Aus meinen Brüsseler Tagen pflege ich zauberhafte Freundschaften, die zu regelmässigen Besuchen in die europäische Hauptstadt führen, wo ich gleichzeitig Beruf und Liebe verbinden kann. Die Natur der Visiten ist meist politischer oder privater Natur, weshalb für Ausstellungen nur wenig Zeit bleibt, was eine Schande ist, denn Bruxelles glänzt mit exzellenten Museen.

Deshalb war meine Freude umso grösser, endlich eine exklusive Führung durch das “House of European History” zu kriegen, in dem Gebäude, das lange Jahre die Krippe für den krabbelnden EU-Nachwuchs beherbergte. Die Ausstellung zur europäischen Geschichte ist ausserordentlich klug kuratiert – man bedenke: Europa hat es geschafft, sich auf vielerlei Narrative so zu einigen, dass Demokratie und Menschenrechte im Mittelpunkt stehen.  Die “Vortex of History” ist aus Stahl und Aluminium gebaut und verbindet als “Wortwirbel” höchst eindrücklich und kunstvoll alle Stockwerke miteinander. Getragen wird dies alles von einem Schweizer.
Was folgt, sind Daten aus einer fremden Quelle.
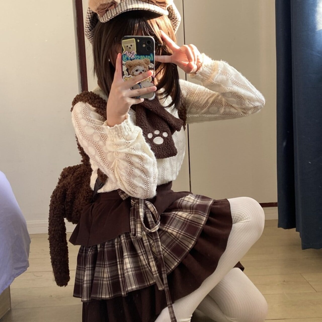 オフホワイトのケーブルニットが、暖かく優しい印象を与える長袖トップスです。細やかな縦の編み模様と、首元や袖口のフリル状の処理が、繊細で甘さを感じさせます。 スカートは、ブラウン系の色を基調としたチェック柄と無地のティアードデザイン。段になったフリルがふんわりと広がり、ボリュームのあるドーリーなシルエットを作り出しています。ウエストにあしらわれたリボンが、さらにガーリーな魅力を引き立てます。 全体的にショコラやミルクティーを思わせる温かみのあるブラウン系でまとめられており、甘くノスタルジックな雰囲気を演出します。 ◆商品の魅力、着用シーン 暖かみのある素材と、ブラウン系の落ち着いた色味が、秋冬のガーリー・ロリータスタイルにぴったりのセットアップです。 カジュアルなケーブルニットと、ふんわりとしたティアードスカートの組み合わせは、可愛らしさがありながらも気張りすぎない印象に。 友達とのカフェ巡り、ショッピング、秋の散策など、日常のお出かけに最適です。 モデルの着用のようにお揃いの色味のくまのモチーフが付いたマフラーや、アニマルモチーフの小物、ベレー帽などを合わせると、さらに統一感のあるキュートなスタイルが完成します。 ◆種類 セットアップ(トップス・スカート) ◎このような方におすすめ 甘いガーリースタイルが好きな方 ロリータファッションを日常的に楽しみたい方 ブラウン、ベージュ、オフホワイトなど温かい色合いの洋服が好きな方 関連キーワード: #ロリータ #ガーリー #セットアップ #ケーブルニット #ティアードスカート #ブラウン #チェック柄 #カフェモカ #可愛い #ドーリー ◆サイズ(cm) トップス Sサイズ 着丈57 胸囲88 肩幅36 袖丈63 Mサイズ 着丈58 胸囲92 肩幅37 袖丈64 Lサイズ 着丈59 胸囲96 肩幅38 袖丈65 XLサイズ 着丈60 胸囲100 肩幅39 袖丈66 スカート Sサイズ ウエスト58-68 Mサイズ ウエスト68-78 Lサイズ ウエスト78-88 ※メーカー採寸により、実際のサイズ、デザイン、色合いとは異なる場合がございます。なお、海外商品につき、商品によって寸法に多少のバラつきがあることがございます。予めご了承下さいませ。 ◆カラー(写真参照) オフホワイト/ブラウン ◆素材 ポリエステル混紡 ◆商品管理番号 V2510037 【ご購入前にご確認ください】 ・即納:2〜5営業日以内に発送 ・お取り寄せ:14〜30営業日前後で発送 ・受注生産:1か月〜4か月程度で発送 ・ご購入前にサイズ表を必ずご確認ください ・不良、破損は到着後5日以内にご連絡ください ・お客様都合の返品、キャンセルはお受けしておりません 詳細はショップFAQをご確認ください。 https://alicestyle.base.shop/blog/2026/01/27/140125
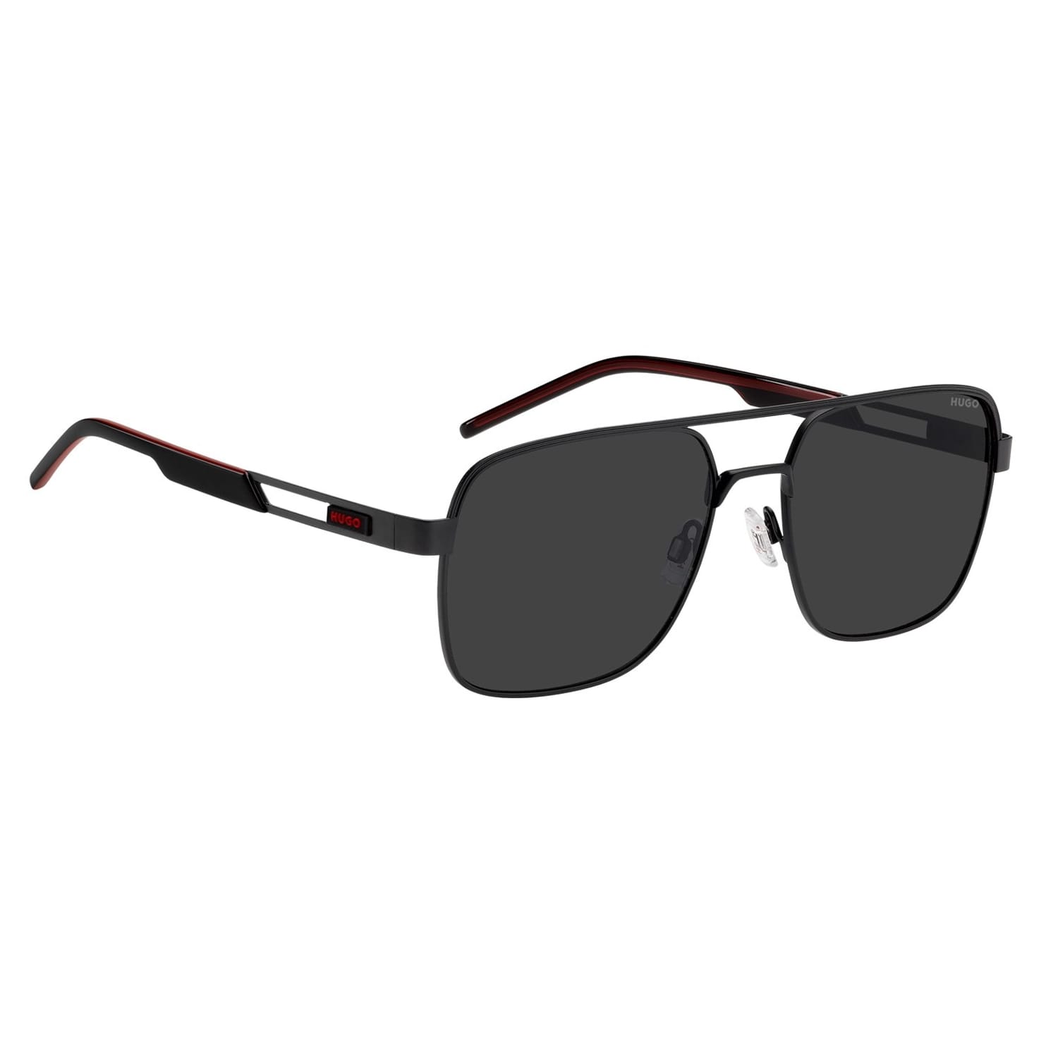 Hugo sunglasses feature a square frame style crafted from durable metal, offering a sleek and modern look. The full rim design is complemented by a distinctive double bridge, ensuring both style and comfort. These sunglasses are adorned with a subtle logo embellishment, adding a touch of brand identity to the overall aesthetic. -

Adolf Muschg verziert mit einem Zitat den ganzen obersten Stock: “Was Europa zusammenhält und was es trennt, ist das gemeinsame Gedächtnis.”

Das Erstaunen und der Unglaube der Gruppe war gross als ich darauf hinwies, dass Adolf Muschg und ich denselben Pass besässen. Die meisten tippten auf Österreicher. Doch als Eine, die den Satz “Die Verschweizerung Europas” geprägt hat, meinte ich nur trocken: “Was Europa zusammenhält und was es trennt, liegt in der Schweiz.” Zudem: Die Europäische Bürgerinitiative, The European Citizen Initiative,  wurde auch von einer Schweizerin erfunden. Es war die Politologin Regula Stämpfli, die der Europäischen Bürgerinitiative nicht nur zum Namen, sondern auch zur Struktur der europäischen Bürgerbegehren verhalf. Doch es werden mit Bestimmtheit Schweizer Männer sein (sie werkeln schon heftig daran), die dafür sorgen, dass auch in künftigen Wortwirbeln die Frauennamen möglichst unsichtbar gemacht werden.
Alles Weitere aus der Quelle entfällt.